Tuesday, December 17, 2013

Final Reflections: "How I Have Come to Understand Digital Culture"

I came into this class knowing a good amount about digital culture already. I had taken a course from Dr. Burton before in which he emphasized academic blogging and using social networks for social discovery and social proof. I had already been researching and writing about videogames as art and literature for a while. However, what I really took away from this class is a view of the truly digital world we’re now living in. That world is open, complex, beautiful, even though in many ways not exactly new.

The new digital world I saw through this class is open in more ways than I thought. It’s open access, open opportunity, and largely open-armed. I learned a ton about copyright law and the complex issues of fair use and creative commons that I hadn’t understood before as I saw just how much information really is entirely open and free to be accessed through the internet, and how much creative content is being made open source for anyone to use and add to or adjust (the Linux operating system, for example, or Wikipedia).
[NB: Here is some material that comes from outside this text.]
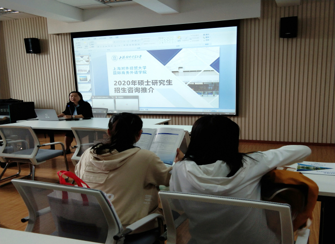 精講會伊始,黃老師就考研各個時間點、報考流程、報考方向及報考細節等重要要求逐一進行了說明;并指出同學們應密切關注目標院校招生簡章,認真了解報考方向的專業科目及報考要求。同時,她也對網報系統中可能出現的問題和報考點的選擇及注意事項引用了實例來詳細講解。接著,黃老師主要圍繞政治科目給出沖刺備考的三條建議:1.通學知識點,區分重要度;2.涉獵真題,學答題套路;3.整理筆記,提煉框架模板。此外,她表明,考研期間個人的精力管理和心態的建設是考試的重要保障,考研學子要注意自己的身心訓練,有規律地安排好作息時間。最后,黃老師還對初試成績公布后的各種可能:如何參加復試面試、選擇調劑學校等方面給出了詳細的建議。期間,上海對外經貿大學國際商務外語學院的金鏡玉教授就2020年研究生招生工作也開展了咨詢推介活動。

Our lectures on crowdsourcing were especially eye-opening to me because I hadn’t understood just how complex, powerful, and beautiful projects done asynchronously by people from all over the world could turn out to be, like Eric Whitacare's virtual choir. I saw also a wider range of opportunity provided by the internet as we talked about the do-it-yourself movement and maker culture, as well as e-publishing, social networks, and tinkering. This especially hit home to me in the video we watched of a homemade space craft. I also saw how open-armed the digital culture really can be as we talked about all the different opportunities to share undergraduate research, and how communities can and have formed around almost any topic somewhere on the Internet. I especially felt these three aspects of digital culture—open access, open opportunity, and open-armed—as I started my own blog to collect my thoughts on videogames and ultimately published with one blog and am now in the works with two others. In gathering resources to put in my writing, in collecting and forming my own thoughts, and in working with other people through the internet to get my ideas out there and receiving feedback, I have seen digital culture at work in all three of these meanings of the word “open.”

Two students who have especially helped me take my understanding of digital culture even further as I’ve gone throughout this course are, unsurprisingly, the other two students in my blogging group, Greg Bayles and Aleesha Bass. Greg showed me how the three meanings of open in the digital world can become the foundations for an entirely new kind of civilization—how real human organizations can exist entirely within the digital world, and how most physical organizations are becoming increasingly digital as well. Aleesha helped me see how our digital activity reflects our true identity in a clearer way than I ever had before. As I went through the course, I understood more about how our online actions express our identity, but as Aleesha looked specifically at Pinterest and we talked about it together, even concluding that one could tell the personality and major life events of a person based on their Pinterest boards alone, something clicked in my brain and I saw just how our digital selves connect to our real selves in a clearer way than I ever had before.

I’ve truly seen a whole new world throughout the course of this class. Even though our readings of Moby Dick have proven that the concepts, issues, and foundational ideas of the digital world certainly aren’t new, new technologies are allowing us to take those ideas and concepts and deal with those issues in bigger, faster, and deeper ways than we ever have before. It truly is a brave newdigitalworld.